▶ [ACTION ITEM]: Output must consist only of the lines of the material below from the one with "Tender Leaf Market" through the one with "Kinderspielplatz 500 m.", each reproduced exactly; no pictures belong in it.

══ DATA FOR PROCESSING

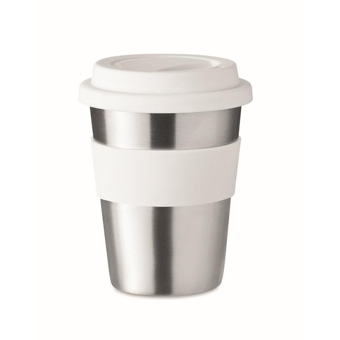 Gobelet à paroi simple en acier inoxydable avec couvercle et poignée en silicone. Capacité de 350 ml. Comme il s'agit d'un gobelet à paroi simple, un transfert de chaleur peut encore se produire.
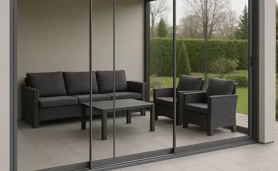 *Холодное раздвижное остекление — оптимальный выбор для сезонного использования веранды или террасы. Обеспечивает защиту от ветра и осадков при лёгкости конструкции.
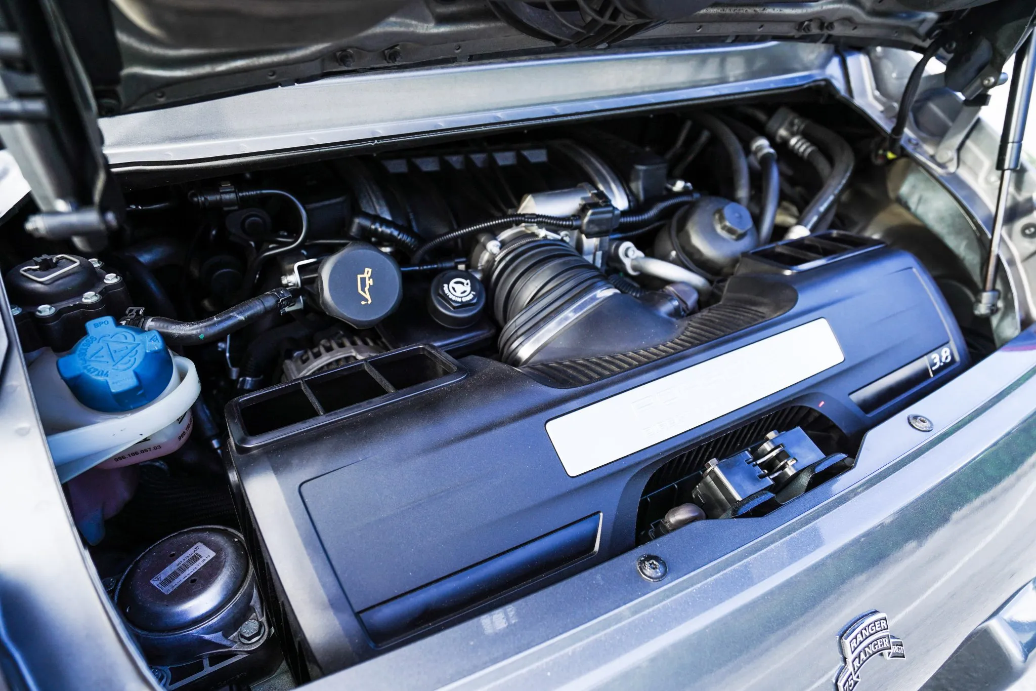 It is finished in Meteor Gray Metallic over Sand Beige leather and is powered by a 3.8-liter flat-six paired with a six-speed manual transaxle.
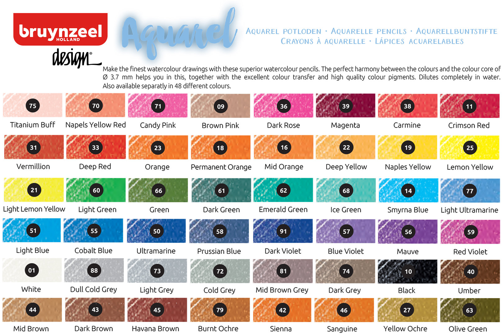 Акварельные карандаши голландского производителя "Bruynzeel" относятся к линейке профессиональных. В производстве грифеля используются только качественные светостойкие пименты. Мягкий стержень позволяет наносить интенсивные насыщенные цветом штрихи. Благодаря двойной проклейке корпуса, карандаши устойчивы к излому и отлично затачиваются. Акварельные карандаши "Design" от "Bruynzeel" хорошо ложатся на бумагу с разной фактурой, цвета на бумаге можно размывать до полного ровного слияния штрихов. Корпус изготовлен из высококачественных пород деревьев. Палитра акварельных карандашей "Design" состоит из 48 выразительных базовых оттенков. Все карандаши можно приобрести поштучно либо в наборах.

════
══ DATA FOR PROCESSING

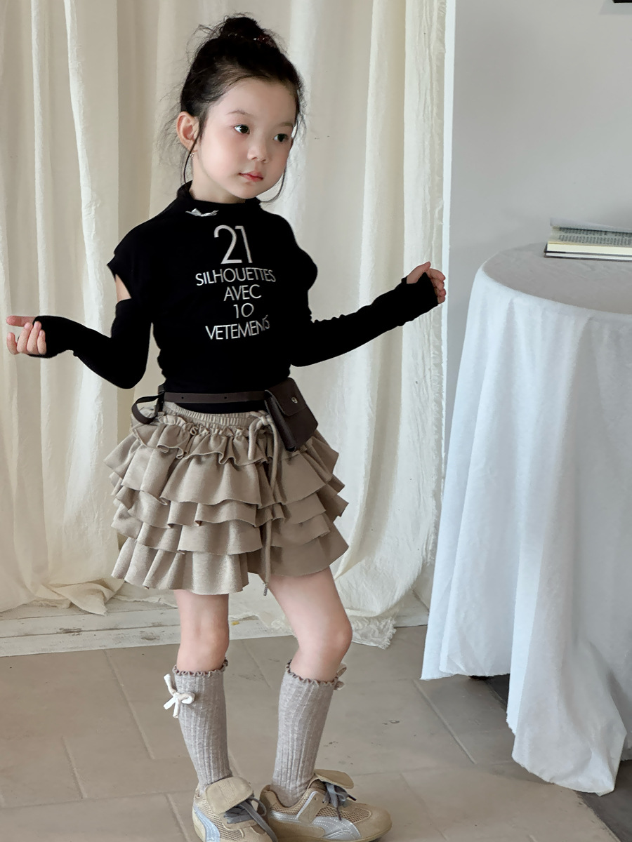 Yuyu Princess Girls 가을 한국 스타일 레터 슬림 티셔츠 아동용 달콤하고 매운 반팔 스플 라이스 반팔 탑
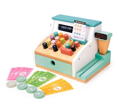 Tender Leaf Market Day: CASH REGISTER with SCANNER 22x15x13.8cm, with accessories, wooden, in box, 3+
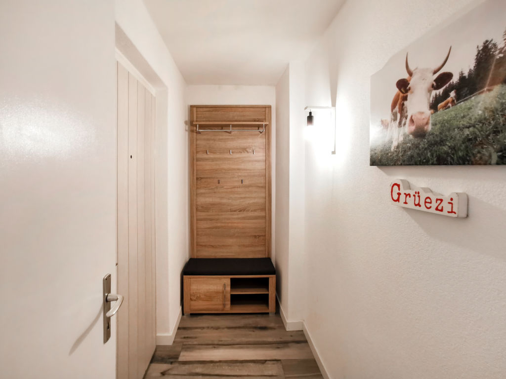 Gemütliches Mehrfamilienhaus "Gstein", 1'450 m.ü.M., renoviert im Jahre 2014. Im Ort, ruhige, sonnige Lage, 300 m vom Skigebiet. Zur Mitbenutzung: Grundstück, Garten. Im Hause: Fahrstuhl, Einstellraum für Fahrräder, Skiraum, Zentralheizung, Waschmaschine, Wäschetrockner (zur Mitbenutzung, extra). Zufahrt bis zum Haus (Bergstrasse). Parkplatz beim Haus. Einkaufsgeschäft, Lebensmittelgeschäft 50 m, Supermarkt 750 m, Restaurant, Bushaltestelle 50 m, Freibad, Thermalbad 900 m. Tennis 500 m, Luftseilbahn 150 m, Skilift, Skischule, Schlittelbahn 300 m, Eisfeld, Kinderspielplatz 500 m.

════
══ DATA FOR PROCESSING

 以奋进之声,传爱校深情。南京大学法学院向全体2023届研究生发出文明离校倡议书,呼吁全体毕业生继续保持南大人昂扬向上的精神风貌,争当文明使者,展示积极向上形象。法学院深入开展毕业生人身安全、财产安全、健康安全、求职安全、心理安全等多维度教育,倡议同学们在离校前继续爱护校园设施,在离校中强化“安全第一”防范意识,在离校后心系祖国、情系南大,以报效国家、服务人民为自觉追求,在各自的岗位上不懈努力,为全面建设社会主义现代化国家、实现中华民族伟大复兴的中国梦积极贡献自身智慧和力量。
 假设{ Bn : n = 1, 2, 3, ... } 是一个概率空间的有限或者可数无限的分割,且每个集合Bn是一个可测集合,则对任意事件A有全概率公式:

════

▶ [WRITTEN ANSWER]:
 Tender Leaf Market Day: CASH REGISTER with SCANNER 22x15x13.8cm, with accessories, wooden, in box, 3+
 Gemütliches Mehrfamilienhaus "Gstein", 1'450 m.ü.M., renoviert im Jahre 2014. Im Ort, ruhige, sonnige Lage, 300 m vom Skigebiet. Zur Mitbenutzung: Grundstück, Garten. Im Hause: Fahrstuhl, Einstellraum für Fahrräder, Skiraum, Zentralheizung, Waschmaschine, Wäschetrockner (zur Mitbenutzung, extra). Zufahrt bis zum Haus (Bergstrasse). Parkplatz beim Haus. Einkaufsgeschäft, Lebensmittelgeschäft 50 m, Supermarkt 750 m, Restaurant, Bushaltestelle 50 m, Freibad, Thermalbad 900 m. Tennis 500 m, Luftseilbahn 150 m, Skilift, Skischule, Schlittelbahn 300 m, Eisfeld, Kinderspielplatz 500 m.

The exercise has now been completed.